I observed a faction of the local fauna who makes use of the fungi as well as I do: a small violet octopus who reached out of the water to grasp a patch of mushrooms that hung over the water. They gave off not spore dust but an inky liquid that hit the water and quickly dissipated. Within moments the nearby shellfish yawned open, leaving a feast for the conniving cephalopod. How it avoids the effects of the liquid itself is a mystery, but one I have all the time in the world to solve.

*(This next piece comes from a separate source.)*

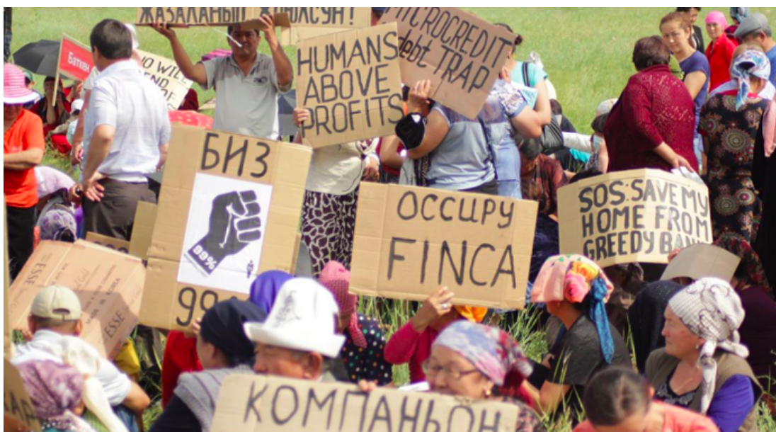
Protests outside the US embassy in Kyrgyzstan held on 26 May 2016

women have been protesting against debt, housing repossessions and exorbitant interest rates for the past 13 years. In 2016, their anti-debt struggles culminated in protests in front of the US Embassy in Bishkek, where they blamed the United States Agency for International Development (USAID) and the World Bank's International Finance Corporation (IFC) for creating and funding exploitative microcredit companies in the country. In neighbouring Kazakhstan, urban residents of Nur-Sultan and Almaty held numerous anti-debt protests in front of the central bank, blaming it for predatory lending arising from Western credit flows.

It was near the seashore that I also found the solution to another mystery. There was a circular formation of globular fungi that abutted the shore. They did not burst but simply swelled larger and larger until the wind unseated them from the ground. I had the good luck to be there on an occasion when one flew out to sea: the bulb hit the seawater and swelled many times its size while remaining buoyant. Here, finally, was the “iceberg” that the crew so desperately fought to avoid. I suppose this is the manner which the fungus attempts to spread, yet it is stymied by the saltwater that hems it in at all quarters. No other island is close enough, I suppose. Then my thoughts turned to the wreck of the Molly Haggard, and whether its flotsam was impregnated with the spores.

….I do not know that I care for the notion.

Entry 4

I have found footprints. Blast! I only wanted for a single year alone in this place before humanity invaded. Why can’t a man be left to his own devices?!

They start at one of the freshets and lead inland. The jungle is impenetrable that way, not even fire will thin their fungal ranks.

I have made up my mind. I will form a canoe from a tree-stipe and go around seaways.